Hay por tanto en la democracia un presupuesto de filosofía política, que es el de la soberanía
popular, junto con una simple aunque importante técnica de conveniencia social, que es la de la
aceptación de las decisiones de la mayoría. Obviamente se trata de dos elementos de diferente
naturaleza y nivel, por lo que, si no siquiera los principios de convivencia deben ser elevados a la
categoría de dogmas inmutables, menos aún pueden serlo las meras técnicas organizativas,
racionales o convencionales en mayor o menor grado.» (Otero Novas, op. cit., pág. 376.)
En cualquier caso, tanto el materialismo como el cristianismo reconocen la realidad de los individuos
humanos como entidades que no pueden ser reabsorbidas como consecuencia de la política del
fundamentalismo democrático primario, cuando este quiere arrasar sus «propiedades personales»,
su educación, su estética, sus aficiones y sus gustos (incluidos el tabaco y los toros), en nombre de
unos principios ecológico sociales cuarteleros.

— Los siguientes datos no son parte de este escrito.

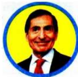
Rogelio Ramírez de la O, secretario de Hacienda.
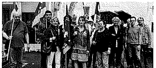
Une délégation d'agents du pôle de Morlaix a manifesté devant le siège de la direction des finances publiques où se tenait un comité technique local sur les restructurations.

« Le service d'enregistrement des actes de Morlaix, assuré par quatre agents, reçoit 2.000 usagers par an. Le pôle de Morlaix a toute son utilité, car il couvre un secteur de plus de soixante communes. Nous restons très attachés à cette notion de service public et les usagers aussi qui
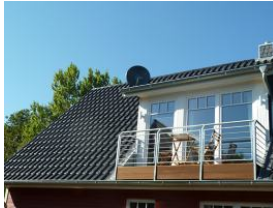
2 Personen können hier sitzen

Sin perjuicio de lo cual las razones de este reconocimiento son muy diversas y aún opuestas entre
sí. Las consecuencias de esta diversidad de razones pueden dar lugar también a incrementar sus
diferencias.
De aquí se sigue, sin embargo, que ese fondo material irreductible del individuo (o del grupo) puede
resultar ser efectivamente más valioso o interesante de lo que resulta ser el individuo que actúa
estrictamente en cuanto elemento de una clase dada. Desde la perspectiva del espiritualismo, podrá
mantenerse una expectativa muy distinta ante las posibilidades de un individuo que, aún siendo
elemento de una clase, o de varias, no se agota en ellas. En cualquier caso habría que dejar de lado
la contraposición que se formula desde el «materialismo grosero», y según la cual el espiritualismo
cristiano, en democracia, es sólo un residuo de la edad tenebrosa de la superstición, que encuentra
sus respuestas luminosas en el laicismo de una democracia ilustrada.

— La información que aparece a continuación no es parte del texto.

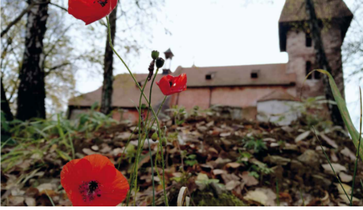
Ausstellung „Verblichen, aber nicht verschwunden“
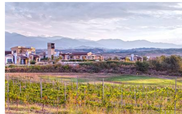
Membro Relais & Châteaux dal 2017 2821, Zornitza Village (Sandanski)

Hotel e ristorante in campagna. Scolpita nella pietra grazie al sogno di una famiglia di esteti innamorati della loro patria, la Zornitza Family Estate produce vino, miele e tartufi, coltiva frutta e verdura biologica e alleva il proprio bestiame. La residenza principale sfoggia un design moderno, utilizzando materiali tradizionali. La cucina è semplicemente fantastica; il servizio incantevole. Un soggiorno in questa proprietà è un'occasione unica per scoprire la parte meridionale della Bulgaria in tutta la sua ricchezza e autenticità: dalle tradizioni locali alla storia dei diversi siti archeologici, dalla regione della Tracia all'antica Grecia, passando per la degustazione di vini unici della straordinaria cantina della tenuta e delle tredici aziende vinicole dell'area.
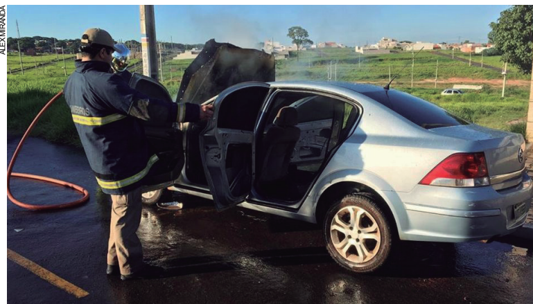
Veículo pegou fogo no Conjunto Guarani e bombeiros descobrem que estava preparado para o transporte de mercadorias ilícitas

licitou a presença de um caminhão guincho para recolher o Vectra dali.

Pero desde el materialismo filosófico cabría reinterpretar el espiritualismo, no tanto como una mera
superstición, sino como un reconocimiento por la vía metafísica sustantivada del espíritu, de la
inagotabilidad del individuo en la clase o clases a las que pertenece. Y esto sin prejuzgar que
necesariamente la parte clasificada o normalizada del individuo haya de ser siempre menos valiosa
o interesante que su fondo material, no reducible a clasificación; pudiera ocurrir que este fondo
inagotable fuese menos valioso y aún menos interesante que las partes que hayan podido ser
enclasadas o sometidas a unas normas definidas.